Slobbering quickly gets to the heart of the matter, recalling the outrageously positive spin put on Sen. Obama’s campaign, the dirt thrown at Republican presidential candidate Sen. John McCain and just how differently each was treated.
Goldberg takes specific delight in mocking Hardball host Chris Matthews. Commentators are allowed to be biased, he says. But when they describe the thrill going up their legs at the mere sight of one candidate, clearly a line has been crossed.
The chapter on white liberal guilt reminds conservatives of another cultural truism. When liberal black officials rise to the top it’s deemed historic by Brokaw, Couric, and co. That isn’t the case when the black politician in question, be it Michael Steele or Lynn Swann, hail from the right side of the aisle.
Slobbering takes a break mid-book for a Q&A with radio titan Rush Limbaugh, but then it’s back to the business at hand — documenting time and time again where the media cast its own collective vote for Obama.
Goldberg spends too much time with the Olbermanns and Matthews of the media scene. Liberal talking heads aren’t expected to be fair and balanced. And the hapless denizens of The View aren’t worthy of comment at this point.
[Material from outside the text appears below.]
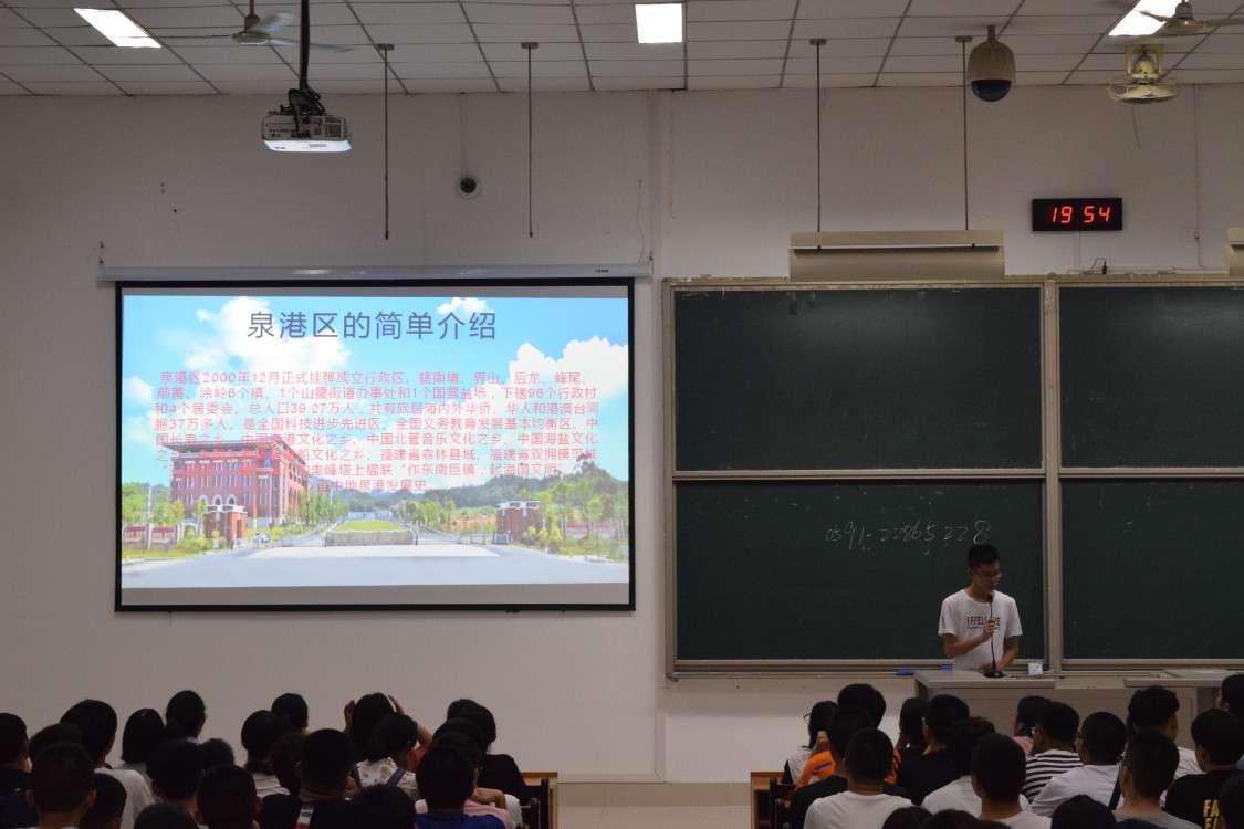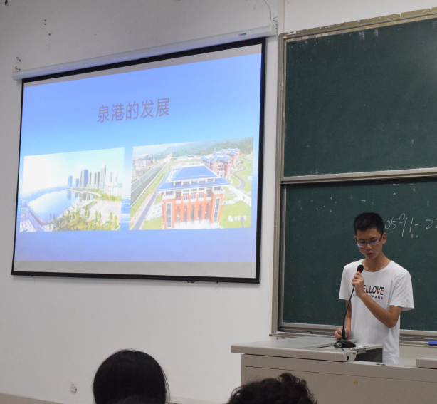 延续往年传统,从19级新生中挑选出几位来自泉港的新生,由他们向全体新生介绍泉港的人文自然景观、闽南文化与校区情况。
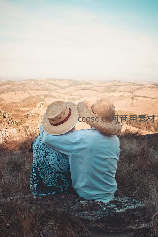 情侣戴草帽山顶远眺金色原野

But the author has more than enough ammo here to sink any charges the media was on its best behavior during this crucial election.
Slobbering also reminds us how the media investigated poor Joe the Plumber with alacrity during his 15 minutes of fame, but couldn’t spare the same brass knuckle reportage when it came to Sen. Obama.
Perhaps the most damning evidence Goldberg compiles here involves the Reverend Jeremiah Wright, the hateful pastor who played an important role in Obama’s development.
The media’s unwillingness to investigate and report on Wright’s behavior, and then its subsequent apologies or selective quoting on the pastor’s behalf, ensured Obama wouldn’t be seriously hurt by any revelations.
The book also assaults those who finally spoke truth to power — after the election. The Washington Post‘s ombudsman Deborah Howell, for one, admitted to the media bias in her own paper — but only after the media’s cherished candidate had emerged victorious.
Frankly, any journalist who won’t cop to the media’s role in Obama’s election is clearly beyond reach. It’s hard for even the most stubborn journalist not to hang his or her head in shame after reading Goldberg’s latest.
Then again, if reporters had any shame then Goldberg wouldn’t have had to write another book about media bias.